Два года назад Геза Бернат как-то ужинал с Мариусом Никлем, преподавателем Берлинского университета. Мариус был стар и мудр. Вскоре после этого ему удалось уехать за границу, в настоящее время он жил в Париже. Бернату нравился этот умный старик, и он охотно встречался с ним.
Поужинав, они сидели за столом и допивали вино, когда в ресторане появился подполковник Вальтер фон Гуттен в сопровоя?дении высокого белокурого майора.
Мариус по-дружески поздоровался с майором, который очень тепло ответил на приветствие старика. Через минуту фон Гуттен и майор уже исчезли из вида.
Старый Мариус разгрыз спичку и начал ее нервно покусывать. Он сделал глубокий вдох, покачал головой, на испещренном глубокими морщинами лице его блуждала горькая улыбка.
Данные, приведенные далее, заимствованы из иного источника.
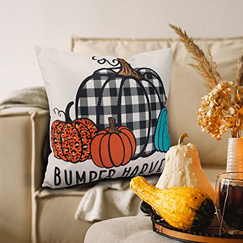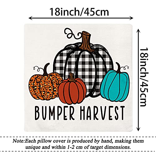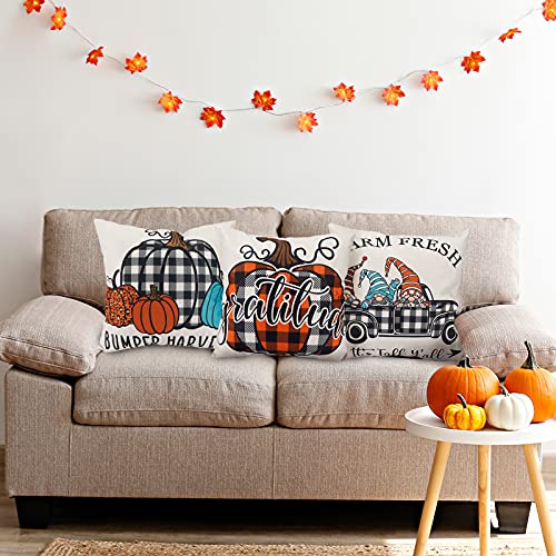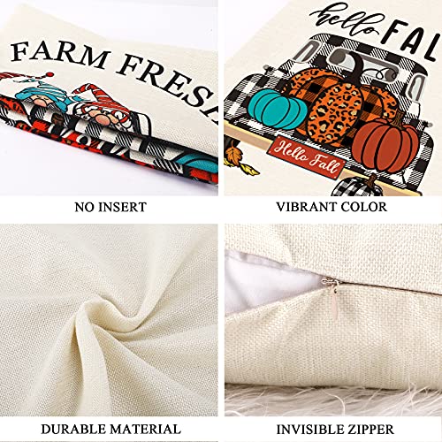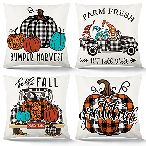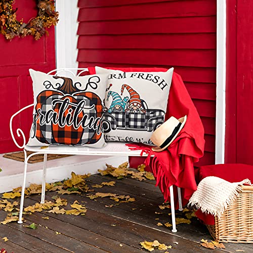 Set of 4 Fall Decorations Thanksgiving Plaid Gnomes Pumpkin Pillow Covers 18x18 Inches

— Вы, Бернат, пытаетесь мне доказать, что современный мир познаваем. Вы и сейчас продолжаете это утверждать, не так ли?
— Разумеется, познаваем.
— Глупости это все. Можете мне поверить. Настоящие глупости, Бернат. Материалистическая философия, если хотите, во многом права, и я это признаю. Однако ее положение о познаваемости мира или, вернее, о возможности познать современный мир ложно. Можете мне поверить, Бернат, оно ложно. О познаваемости мира, прошу покорно, мы не имеем права говорить до тех пор, пока не познаем самих себя. Вы обратили внимание на майора, с которым я только что поздоровался? — Бернат кивнул. — Я знаю его с детства, знаю имя и привычки, знаю, что он собой представляет. — Мариус закурил сигару, затянулся раза два, и его морщинистое лицо окуталось облаком дыма. Он поднял руку и продолжал: — Будучи гимназистом, он писал превосходные новеллы. Поверьте мне, Бернат, он очень талантлив. Потом с ним что-то случилось: в семнадцать лет он пытался покончить жизнь самоубийством. К счастью или к несчастью, его спасли. Почему он решил умереть? Об этом пытались узнать и его родители, и его духовник, но Шульмайер упрямо молчал. Один я знаю, почему он хотел покончить с собой.
Однажды ночью он пришел ко мне. Мы проговорили до утра. Оказывается, он гомосексуалист. Я посоветовал ему обратиться к врачу, говоря, что такая противоестественная склонность не что иное, как болезнь, и, очевидно, от нее можно излечиться, как и от любого другого недуга. — Мариус задумчиво стряхнул пепел с сигары и отпил глоток вина из бокала. — Однако он не последовал моему совету, даже слышать об этом не хотел. Одной из причин было его недоверие к врачам, а другая причина крылась в его религиозности. Свою болезнь он считал грехом.
Мариус поднял на Берната окруженные сеткой морщин глаза:
— Вообразите себе, как поступил этот несчастный. Пошел служить в армию. Стал кадровым офицером. Он думал, что суровая жизнь, воинская дисциплина, постоянное общение с товарищами, тяжелые физические упражнения исцелят его. Бедняга не знал, что в армии таких, как он, довольно много. Он привык к своему пороку, но остался человеком. Он успешно закончил офицерское училище. И знаете, где он теперь служит? Ни за что не поверите.
— Не знаю, — ответил Бернат.
— Офицером для особых поручений в абвере. Вот так.
— Адмирал Канарис не знает о его болезни? — удивился Бернат.
— Очевидно, знает. Этот хитрый лис все знает. Но именно это и позволяет ему держать кого надо в руках. Вы так не думаете? — Бернат кивнул в знак согласия и снова наполнил бокалы вином. — И еще одно скажу вам, хотя это может показаться уж совсем невероятным. Как вы думаете, кто лучший друг Хорста Шульмайера?
— Представления не имею!
— Рейнхард Гейдрих, начальник гестапо и СД. Да, именно этот загадочный человек. И я до сих пор не могу разгадать эту тайну. Хорст Шульмайер страстно ненавидит нацистов. Уж поверьте мне, я-то знаю, как он их ненавидит. И все же... Для Гейдриха он делает исключение. Они друзья детства.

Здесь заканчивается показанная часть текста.